Con l’uscita di Scribblenauts su Nintendo DS il mondo dei videogiocatori è destinato a dividersi in due parti: chi ci ha giocato e chi no. Perché il titolo di 5th Cell è originale, innovativo…
Il succo del gioco è estremamente semplice, come vi abbiamo già raccontato qualche mese fa quando abbiamo avuto modo di provarlo in anteprima: per superare i vari livelli (e sono più di duecento), egualmente suddivisi tra Puzzle e Azione, occorrerà portare a termine obiettivi ben precisi ed estremamente diversi di volta in volta, così da raccogliere la stellina (Starite) che ci attende come premio finale. Come fare, dal momento che il protagonista, il simpatico Maxwell, parte ogni volta a mani vuote? Digitando o scrivendo il nome di ciò di cui avete bisogno, facendolo comparire immediatamente sullo schermo. Vi serve una calamita per allontanare un blocco di metallo? Una fetta di torta da dare a un bimbo affamato? Un UFO per risucchiare i nemici? Un lanciafiamme per sciogliere un iceberg? Uno pterodattilo per volare? Non ci sono limiti a quel che è possibile evocare, a patto che non si tratti di volgarità, marchi registrati o cose non tangibili. Non potete richiamare una Ferrari o la pace nel mondo, per intenderci.
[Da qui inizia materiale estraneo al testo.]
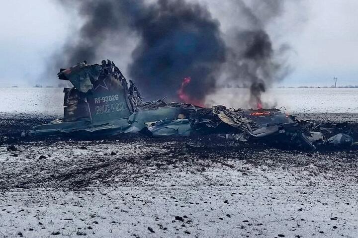 Обломки штурмовика ВВС России горят в поле недалеко от города Волноваха в Донецкой области, 4 марта 2022 года

Gli oggetti che magicamente farete comparire sullo schermo andranno utilizzati nel modo migliore e più efficace per poter raggiungere l’obiettivo del livello. Il gioco premierà le soluzioni più originali, meno violente o particolarmente arzigogolate, oltre a quelle che usano meno oggetti (esiste anche un “par”, come nel golf), e lo farà elargendovi “ollar”, soldini da spendere nello store per comprare avatar e canzoni e per sbloccare i livelli più avanzati. Un ottimo stratagemma per favorire la rigiocabilità: potrete sbizzarrirvi, una volta finito il gioco (ma anche prima) a ripetere i livelli cercando di star sempre sotto il par o di guadagnare il maggior numero di punti stile con soluzioni particolarmente arzigogolate: fatelo per tre volte e guadagnerete una stella d’oro.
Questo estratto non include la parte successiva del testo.